If you think you haven't engaged in electronic commerce, think again.

The majority of the hype surrounding electronic transactions consists of stories of how risky they are. But electronic commerce is more than checking your bank account via the Internet, ordering theatre tickets online, or opening an account that uses E-Cash. Keep reading to learn some of the basics of electronic commerce, and its risks and rewards.

First, not all electronic commerce is Internet commerce. You may have never made a purchase from a company's Web site, but if you've ever used a credit or debit card, you've taken part in an electronic transaction. Every time you use an ATM or your bank's automated phone system, you are sending financial information via electronic networks.

The networks on which these transactions are carried are private. The bank's phone system, owned by the bank itself, is an example. The networks that carry many ATM transactions, such as Plus, Cirrus, MAC, MOST, and others, are owned by groups of banks. Credit card transactions are routed through networks owned by Visa and MasterCard.

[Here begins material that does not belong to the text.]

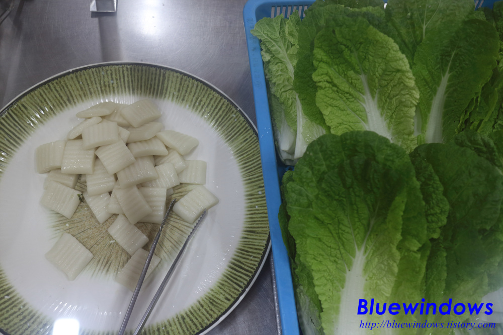 메뉴는 돼지불백, 떡복이, 잡채, 수육, 삼채소 기본 밑반찬 외에 이집은 돈까스, 양배추 셀러드도 제공됩니다.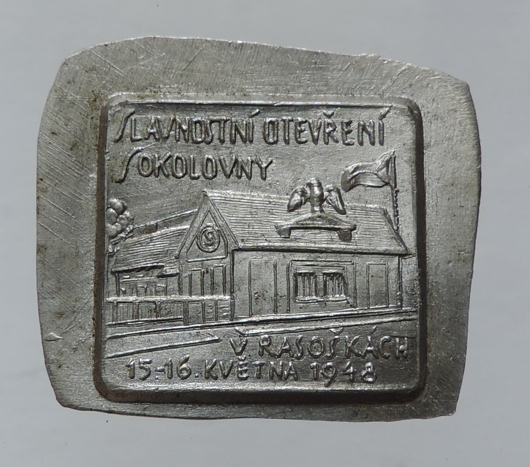 sokolský odznak Sokolovna v Rasoškách 1948 jednostr., neúplná ražba

In a typical credit card purchase, the retailer swipes your card through an authorization terminal, sending the card number to a merchant processor. This processor's function is to receive many such requests and route them through a national switch (owned by Visa or MasterCard) to the bank that issued the credit card. The bank verifies that the credit card number is legitimate and sends the response back through the MasterCard or Visa switch to the processor, which transmits it back to the retailer's terminal. This part of the process usually only takes a few seconds, but the transaction is not settled (completed) until several hours later, when the issuer makes a settlement payment to the merchant.

Most of us use these networks on a daily basis, and we have come to trust them with our money. For Internet credit card payments, although the processing is the same, the very first step of the transaction — the one where you hand the card to the merchant — happens electronically, too. If you've ever ordered anything by phone with your credit card, you have sent sensitive financial information using a medium that is much easier to tap than an encrypted Web transmission. It should be noted that e-mail is a different matter; e-mail messages are not normally encrypted (unless you use PGP or other encryption methods) and so should not be regarded as secure.